Managing physical deployment
You manage a project as a single unit and Akka does all the work to manage each specific region that it spans. When you deploy a service to a project with multiple regions Akka will deploy the service to all of the regions on your behalf. You execute one command, but many are taking place behind the scenes.
Operating regions within a project
Regions can be added to or removed from an Akka project while it is running. There is no need to stop the services within the project to do this.
Adding regions
You can add regions to an Akka project and Akka will deploy the services in that project to the new region and expose endpoints. It will also begin replication of all data (for now that excludes Key Value Entities). This replication time will depend on the size of the dataset (state) being replicated and the distance between the regions. Adding regions is a graceful behavior. The new region will be available to serve traffic after being added, but it may take some time until the initial replication is complete. You can monitor replication by monitoring Consumer Lag.

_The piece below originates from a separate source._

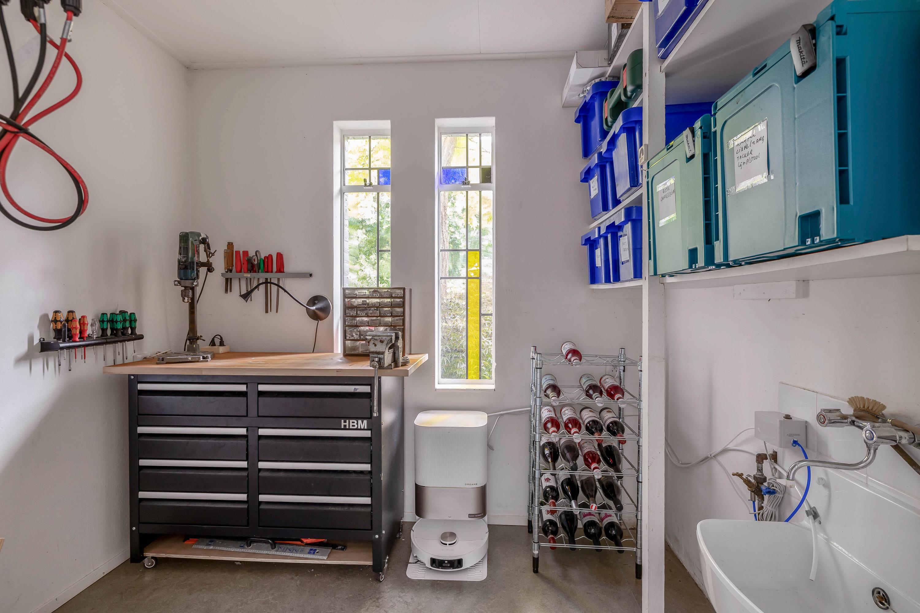 Hier vind je niet alleen een handige berging met vernieuwde meterkast 3x25A en 12 groepen, uitstortgootsteen, plus de omvormer voor de zonnepanelen, maar ook een washok met aanrecht/spoelbak, plek voor wasmachine en -droger, opbergkasten en een geheel betegeld toilet met fonteintje en mechanische afzuiging.

TODO: [NEED TO ADD LINK] ==== Removing regions There are two ways to remove regions from a project: graceful and emergency. Their names imply their function. Graceful remove takes time, it marks the region as read-only, and starts to move the origin for all the entities out of the region. This is the preferred way to remove regions as their is no risk of data corruption, even for entities that haven’t implemented conflict resolution strategies.
Emergency region removal is for emergency scenarios such as the rare times when an infrastructure provider’s region becomes unavailable. Executing an emergency region removal fast ejects the region and reassigns the origin for all entities to the remaining regions. If there are writes in progress for non-CRDT types (i.e. entities that do not implement conflict resolutions e.g. KeyValueEntity) they could be lost or overwritten.